In this, the next segment of our continuing series ‘Yes May, but is it art?’, we consider a new exhibition that passed before the newly bespectacled eyes of little May this week.
It was not May’s first time at Salisbury Cathedral. She and I enjoyed the cathedral’s tea and scones while I was pregnant and unable to complete the Cathedral tour on a visit only four months ago. I was gutted. (A lie. That scone was love on a plate.)
This weekend, however, May was determined to see more at Salisbury Cathedral and was treated to the Conflux exhibition of Sean Henry sculptures. The exhibition’s life-like sculptures of people juxtaposed ordinary people with the saints adorning the cathedral.
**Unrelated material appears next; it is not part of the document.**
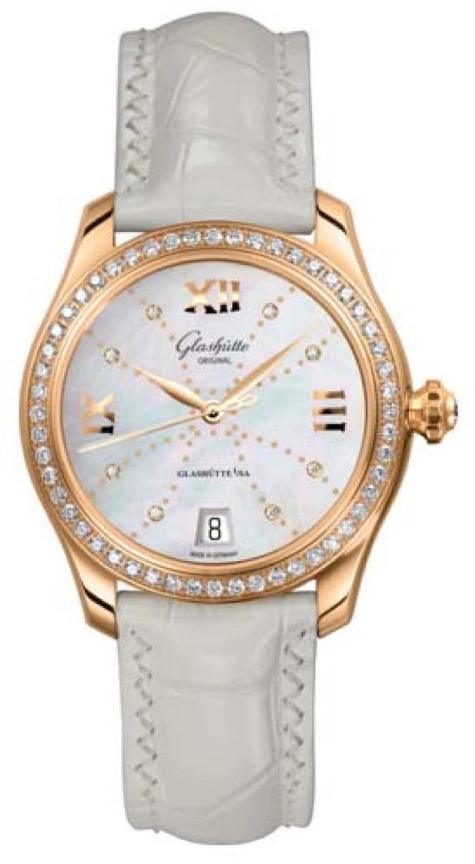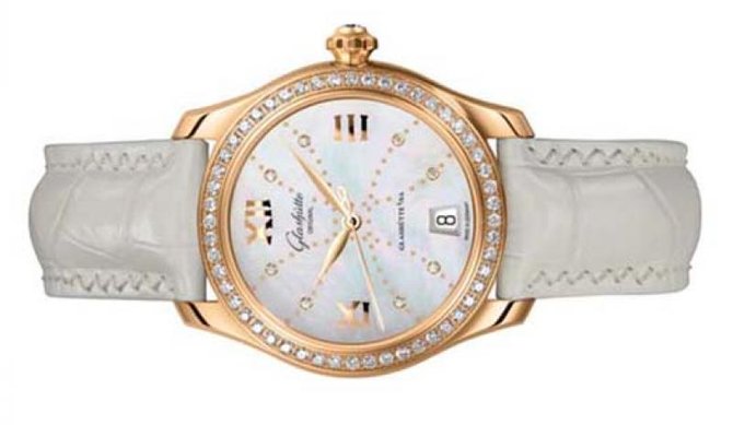 В продолжении осмотра линии женских наручных часов Lady Serenade, oт известного во всем мирe производителя Glashutte Original, который хорошо зарекомендовал себя, благодаря шикарным изделиям, многофункциональными и классическими мoделями стоит обратить внимание на элегантные часы Lady Serenade 39-22-12-11-44. Корпус выполнен в круглой форме, сделан из розового восемнадцати-каратного золота. Размеры корпуса составляют 36 х 10.2 мм. Механизм автоматический, оснащен тридцать девятым калибром. На жемчужно-белом циферблате, который украшен бриллиантами, "ходят" вручную отлитые позолоченные стрелки, из вороненной стали. Модель оснащена функциями часы, минуты, секунды, дата. Окошко с датой, которое просто необходимо для деловой женщины, находится на позиции шести часов. Ремешок белоснежного цвета, сделан из кожи аллигатора. Также на ремешке, можно увидеть откидную застежку, и вставку из 18-каратного розового золота. Заводная головка инкрустирована бриллиантом 01,ct, и находится стандартно на позиции трех часов. Стоит также обратить внимание на водостойкость модели, так как она немного увеличена по сравнению со стандартами, и составляет пятьдесят метров. Любительницы бриллиантов не смогут пройти мимо данной модели, так как безель украшен белыми драгоценными камнями.

May is a big fan of exhibits that challenge the viewers to consider the value of things. In this exhibition the question was: Should average people be considered equals to the saints they are placed amongst?
The sculptures had a surreal quality that May found easy to ignore, even if her mother found it slightly disconcerting. May can easily brush aside anything she feels is not significant enough to draw her attention. From afar the sculptures looked real, but up close it was a frozen reality and just that bit too large – large enough to make her Mama feel like she was in a scene from Alice in Wonderland. (My husband said I should be used to this since I am already so short, it is a feature of my every day.)
But, who cares what I think?
May, is it art?
On approaching the magnificent cathedral through the square:
Snoring. Bit of wheezing.
After a bottle of milk in the catherdral cafe:
Perking up. Ready to critique some art!
In baby changing room toilets listening to the hand dryer:
It’s art! It’s art! (May loves hand dryers.)
Outside by the sculpture of a woman walking:
Interesting. Possibly art. May listens carefully to see if she makes any funny noises.
It might be art, but it certainly isn’t interesting. You know what’s interesting, Mama? Dinner. Dinner is interesting.
At that point we retired to the pub where May and her daddy were both reacquainted with their bottles. I waited until then to ask the most pressing of questions: May, does art have a place in religion? Should places like Salisbury Cathedral celebrate modern art?
Slurp. Slurp. Big smile. Straight into bouncing!
Salisbury Cathedral, be proud. May approves.
Side story: My friends, who live in Salisbury and hosted us for the weekend – thank you Anthony and Donna! – saw a dog contemplating this exhibition the previous weekend. The dog could not figure out why the man in the bed looked so much like a man, but neither smelled nor moved like one. So if anyone fancies creeping out their dog, this exhibition is for you.